-- INSTRUCTIONS TO FOLLOW --
Without including any pictures, reproduce all the lines below word for word.

-- MATERIAL PROVIDED --
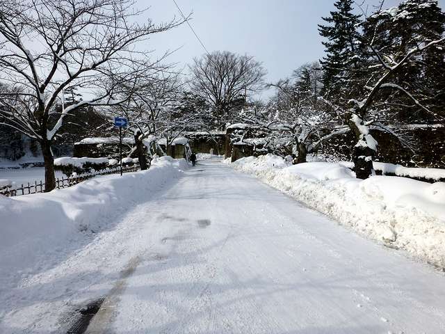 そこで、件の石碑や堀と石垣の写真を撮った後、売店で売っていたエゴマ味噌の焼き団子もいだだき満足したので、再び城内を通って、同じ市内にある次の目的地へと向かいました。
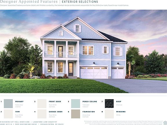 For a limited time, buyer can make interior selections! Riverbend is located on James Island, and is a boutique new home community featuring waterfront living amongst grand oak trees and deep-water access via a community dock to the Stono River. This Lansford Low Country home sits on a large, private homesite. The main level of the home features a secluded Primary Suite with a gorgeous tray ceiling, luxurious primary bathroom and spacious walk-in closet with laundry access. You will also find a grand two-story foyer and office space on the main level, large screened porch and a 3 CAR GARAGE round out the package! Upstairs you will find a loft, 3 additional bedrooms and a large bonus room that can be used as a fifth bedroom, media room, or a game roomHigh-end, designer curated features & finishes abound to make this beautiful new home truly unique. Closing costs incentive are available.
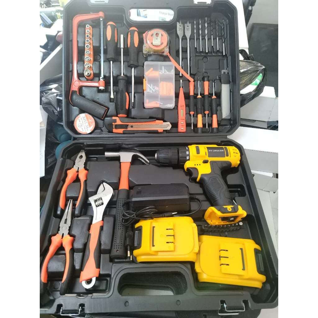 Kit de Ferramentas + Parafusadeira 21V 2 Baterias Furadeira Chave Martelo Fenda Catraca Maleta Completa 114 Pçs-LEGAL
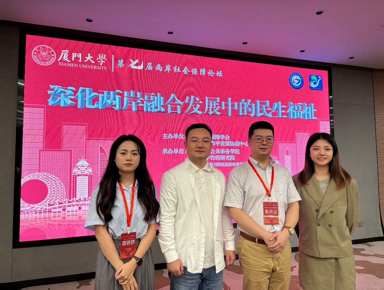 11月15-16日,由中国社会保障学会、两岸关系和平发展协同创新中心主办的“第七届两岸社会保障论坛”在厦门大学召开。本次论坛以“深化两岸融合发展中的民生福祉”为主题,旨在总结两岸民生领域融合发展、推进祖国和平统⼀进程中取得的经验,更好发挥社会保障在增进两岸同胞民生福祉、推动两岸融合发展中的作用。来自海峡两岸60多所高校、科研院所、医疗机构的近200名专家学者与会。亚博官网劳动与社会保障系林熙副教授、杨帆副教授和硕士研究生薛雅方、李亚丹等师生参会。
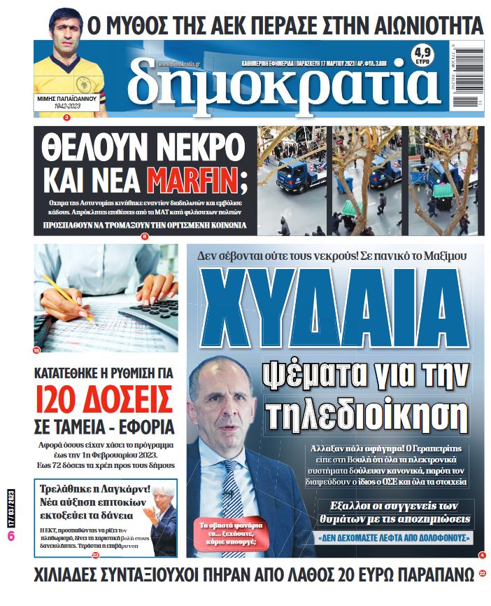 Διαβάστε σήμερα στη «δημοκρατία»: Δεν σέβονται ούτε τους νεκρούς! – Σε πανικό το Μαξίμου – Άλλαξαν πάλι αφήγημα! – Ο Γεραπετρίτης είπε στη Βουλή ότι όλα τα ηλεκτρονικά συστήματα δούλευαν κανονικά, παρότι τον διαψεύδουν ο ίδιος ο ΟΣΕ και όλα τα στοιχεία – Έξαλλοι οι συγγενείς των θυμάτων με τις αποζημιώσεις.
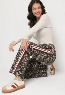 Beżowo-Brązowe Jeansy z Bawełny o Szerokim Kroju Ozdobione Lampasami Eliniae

-- REPLY --
 そこで、件の石碑や堀と石垣の写真を撮った後、売店で売っていたエゴマ味噌の焼き団子もいだだき満足したので、再び城内を通って、同じ市内にある次の目的地へと向かいました。
 For a limited time, buyer can make interior selections! Riverbend is located on James Island, and is a boutique new home community featuring waterfront living amongst grand oak trees and deep-water access via a community dock to the Stono River. This Lansford Low Country home sits on a large, private homesite. The main level of the home features a secluded Primary Suite with a gorgeous tray ceiling, luxurious primary bathroom and spacious walk-in closet with laundry access. You will also find a grand two-story foyer and office space on the main level, large screened porch and a 3 CAR GARAGE round out the package! Upstairs you will find a loft, 3 additional bedrooms and a large bonus room that can be used as a fifth bedroom, media room, or a game roomHigh-end, designer curated features & finishes abound to make this beautiful new home truly unique. Closing costs incentive are available.
 Kit de Ferramentas + Parafusadeira 21V 2 Baterias Furadeira Chave Martelo Fenda Catraca Maleta Completa 114 Pçs-LEGAL
 11月15-16日,由中国社会保障学会、两岸关系和平发展协同创新中心主办的“第七届两岸社会保障论坛”在厦门大学召开。本次论坛以“深化两岸融合发展中的民生福祉”为主题,旨在总结两岸民生领域融合发展、推进祖国和平统⼀进程中取得的经验,更好发挥社会保障在增进两岸同胞民生福祉、推动两岸融合发展中的作用。来自海峡两岸60多所高校、科研院所、医疗机构的近200名专家学者与会。亚博官网劳动与社会保障系林熙副教授、杨帆副教授和硕士研究生薛雅方、李亚丹等师生参会。
 Διαβάστε σήμερα στη «δημοκρατία»: Δεν σέβονται ούτε τους νεκρούς! – Σε πανικό το Μαξίμου – Άλλαξαν πάλι αφήγημα! – Ο Γεραπετρίτης είπε στη Βουλή ότι όλα τα ηλεκτρονικά συστήματα δούλευαν κανονικά, παρότι τον διαψεύδουν ο ίδιος ο ΟΣΕ και όλα τα στοιχεία – Έξαλλοι οι συγγενείς των θυμάτων με τις αποζημιώσεις.
 Beżowo-Brązowe Jeansy z Bawełny o Szerokim Kroju Ozdobione Lampasami Eliniae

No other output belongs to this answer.